Exercise prompt - Every record below is to be copied exactly, with its images omitted.

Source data
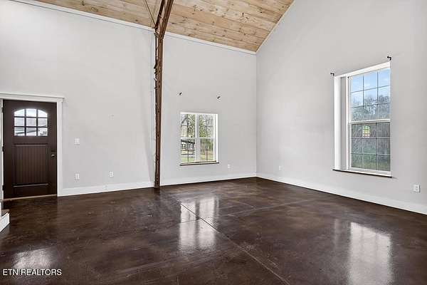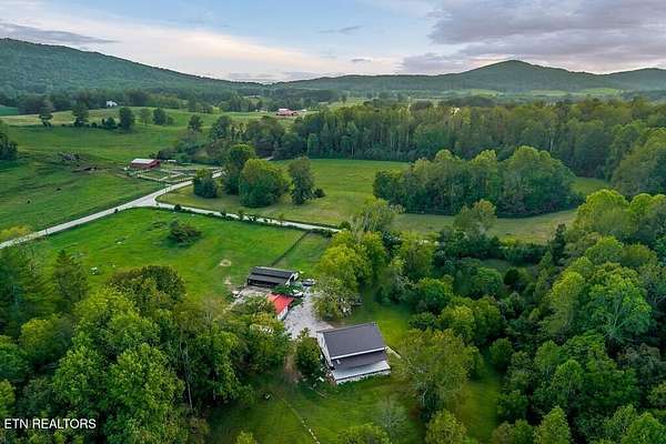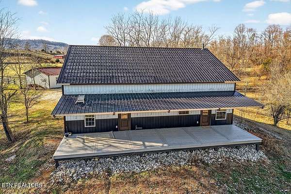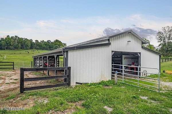 Discover your dream retreat on 27.4 unrestricted acres in the heart of Pickett County! This custom-built 2022 barndominium blends modern comfort with country charm, featuring steel construction with wind bracing & high-speed fiber optic internet. Inside you'll find nearly 2,600 sqft of living space with soaring ceilings, a main-level primary suite, and additional loft living complete with kitchenette. Equestrian enthusiasts will love the horse barn with feed and tack room, 2.5 fenced acres next to the barn, a fully fenced property perimeter, multiple spring-fed creeks that run through the property - including your very own waterfall!! A detached workshop with electrical and plumbing offers space for all the hobbies. Whether you're looking for a full-time residence, vacation home, or working farm, this unrestricted property checks every box: scenic mountain views, water frontage, space for the animals and a versatile layout designed for both relaxation and productivity!! Buyer to verify ALL information!
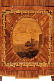 The master’s distinctive chiaroscuro style is evident in this demi-lune commode. Here too, there is a central door that conceals two inlaid drawers and two side doors each decorated with an oval containing a scene and framed by “three-dimensional” Greek key motifs, on a pale-green tinted wood background, with the same number of vertical and horizontal frets. His son used the same arrangement on a commode now in the Museo Civico di Palazzo Madama in Turin (see R. Antonetto, 2010, p. 332 fig. 14 A). In the commode presented here, the central medallion is dominated by an unusual figure viewed from the back and standing decidedly in an architectural setting. The figure, that can be identified as a soldier or god because of the spear in his right hand, is gazing at a group of mysterious buildings beneath a dazzling sky. This same figure can be seen on the right door of a commode in a private collection (see R. Antonetto, 2010, p. 331 fig. 11) and could be a harbinger of De Chirico’s metaphysical style. The side doors are decorated with coastal scenes that are much simpler in terms of rendering and subjects: with a fortress and a large tower on the left and right, respectively. Completed by a green Verde Alpi marble top, the piece is an example of incomparable mastery not only in the chiaroscuros punctuated by elegant passages using different shades in the inlays, but mainly by the compositional arrangements of the wood species Ravelli used.
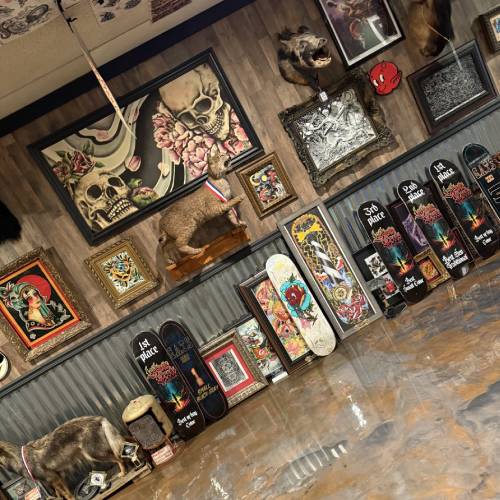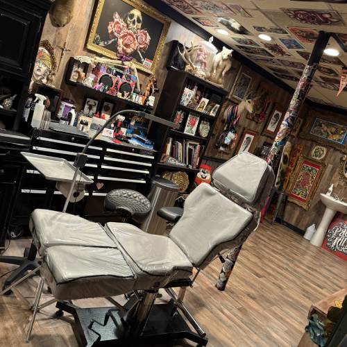 Take a quick look inside our tattoo studio. Our walls are lined with artwork from talented artists around the world, alongside our own original creations. In addition to custom pieces, we offer a wide selection of tattoo flash for you to browse — perfect for sparking ideas for your next tattoo.
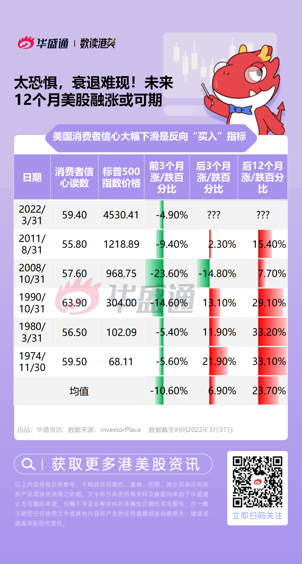 在上述提到5次情境中,有4次美股都在接下来的三个月里反弹了。这5次里股市都在接下来的12个月里反弹走高。数据显示,消费者信心大幅下滑后3个月股市的平均涨幅接近7%;后12个月股市的平均涨幅接近24%。
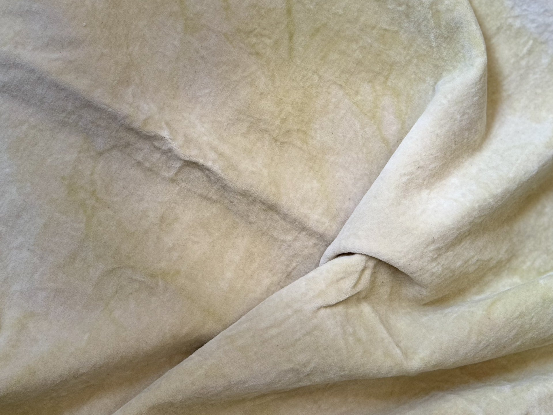 This is "hand-dyed" fabric. It is mottled in color and has a wonderful primitive look. Best for craft projects. Some colors are more mottled than others. Our Parsnip Velvet is slightly mottled in the color. This is a creamy beige colored velvet with slight hues of yellow and green. This reminds me of the outer peel of a Parsnip, hence it's name!
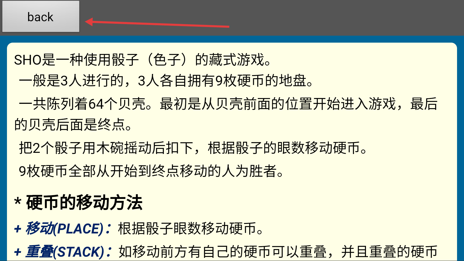 1、了解游戏规则,了解完后,点击back,开始游戏。
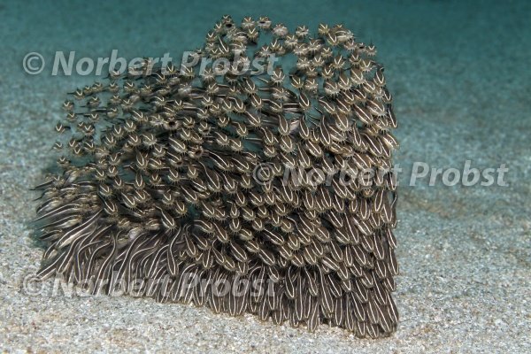 Schwarm, jung, Gestreifter Korallenwels, (Plotosus lineatus), schwimmt in herzform über Sandgrund, Saparua, Insel, Molukken, Banda See, Pazifik, Indonesien | Shoal juvenile Striped eel catfish, (Plotosus lineatus), swims above sand bottom in heart shape, Saparua, island, Maluku, islands, Banda Sea, Pacific, Indonesia, Pacific
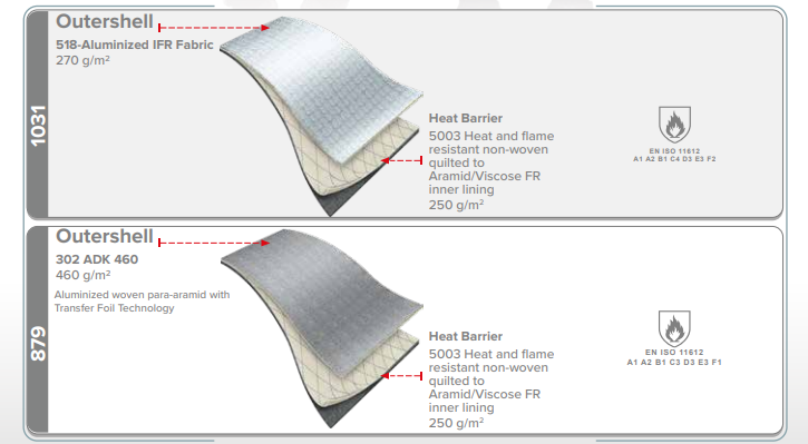 EN ISO 11612 certified aluminized jacket & trousers are designed to protect the wearer against high radiant, convective and contact heat, and consist of outershell and heat barrier available with 2 layer options.
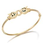 K18YG パンサーモチーフ エナメル ジルコン バングル イエローゴールド 17.5cm 8.7g レディース 誕生日 プレゼント 中古
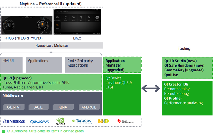 >Например, Qt Safe Renderer может применяться для отрисовки приборной панели и выполняться отдельно под управлением RTOS (для окружения с некритичными IVI-компонентами используется Linux);

Answer section -
 Discover your dream retreat on 27.4 unrestricted acres in the heart of Pickett County! This custom-built 2022 barndominium blends modern comfort with country charm, featuring steel construction with wind bracing & high-speed fiber optic internet. Inside you'll find nearly 2,600 sqft of living space with soaring ceilings, a main-level primary suite, and additional loft living complete with kitchenette. Equestrian enthusiasts will love the horse barn with feed and tack room, 2.5 fenced acres next to the barn, a fully fenced property perimeter, multiple spring-fed creeks that run through the property - including your very own waterfall!! A detached workshop with electrical and plumbing offers space for all the hobbies. Whether you're looking for a full-time residence, vacation home, or working farm, this unrestricted property checks every box: scenic mountain views, water frontage, space for the animals and a versatile layout designed for both relaxation and productivity!! Buyer to verify ALL information!
 The master’s distinctive chiaroscuro style is evident in this demi-lune commode. Here too, there is a central door that conceals two inlaid drawers and two side doors each decorated with an oval containing a scene and framed by “three-dimensional” Greek key motifs, on a pale-green tinted wood background, with the same number of vertical and horizontal frets. His son used the same arrangement on a commode now in the Museo Civico di Palazzo Madama in Turin (see R. Antonetto, 2010, p. 332 fig. 14 A). In the commode presented here, the central medallion is dominated by an unusual figure viewed from the back and standing decidedly in an architectural setting. The figure, that can be identified as a soldier or god because of the spear in his right hand, is gazing at a group of mysterious buildings beneath a dazzling sky. This same figure can be seen on the right door of a commode in a private collection (see R. Antonetto, 2010, p. 331 fig. 11) and could be a harbinger of De Chirico’s metaphysical style. The side doors are decorated with coastal scenes that are much simpler in terms of rendering and subjects: with a fortress and a large tower on the left and right, respectively. Completed by a green Verde Alpi marble top, the piece is an example of incomparable mastery not only in the chiaroscuros punctuated by elegant passages using different shades in the inlays, but mainly by the compositional arrangements of the wood species Ravelli used.
 Take a quick look inside our tattoo studio. Our walls are lined with artwork from talented artists around the world, alongside our own original creations. In addition to custom pieces, we offer a wide selection of tattoo flash for you to browse — perfect for sparking ideas for your next tattoo.
 在上述提到5次情境中,有4次美股都在接下来的三个月里反弹了。这5次里股市都在接下来的12个月里反弹走高。数据显示,消费者信心大幅下滑后3个月股市的平均涨幅接近7%;后12个月股市的平均涨幅接近24%。
 This is "hand-dyed" fabric. It is mottled in color and has a wonderful primitive look. Best for craft projects. Some colors are more mottled than others. Our Parsnip Velvet is slightly mottled in the color. This is a creamy beige colored velvet with slight hues of yellow and green. This reminds me of the outer peel of a Parsnip, hence it's name!
 1、了解游戏规则,了解完后,点击back,开始游戏。
 Schwarm, jung, Gestreifter Korallenwels, (Plotosus lineatus), schwimmt in herzform über Sandgrund, Saparua, Insel, Molukken, Banda See, Pazifik, Indonesien | Shoal juvenile Striped eel catfish, (Plotosus lineatus), swims above sand bottom in heart shape, Saparua, island, Maluku, islands, Banda Sea, Pacific, Indonesia, Pacific
 EN ISO 11612 certified aluminized jacket & trousers are designed to protect the wearer against high radiant, convective and contact heat, and consist of outershell and heat barrier available with 2 layer options.
 K18YG パンサーモチーフ エナメル ジルコン バングル イエローゴールド 17.5cm 8.7g レディース 誕生日 プレゼント 中古
 >Например, Qt Safe Renderer может применяться для отрисовки приборной панели и выполняться отдельно под управлением RTOS (для окружения с некритичными IVI-компонентами используется Linux);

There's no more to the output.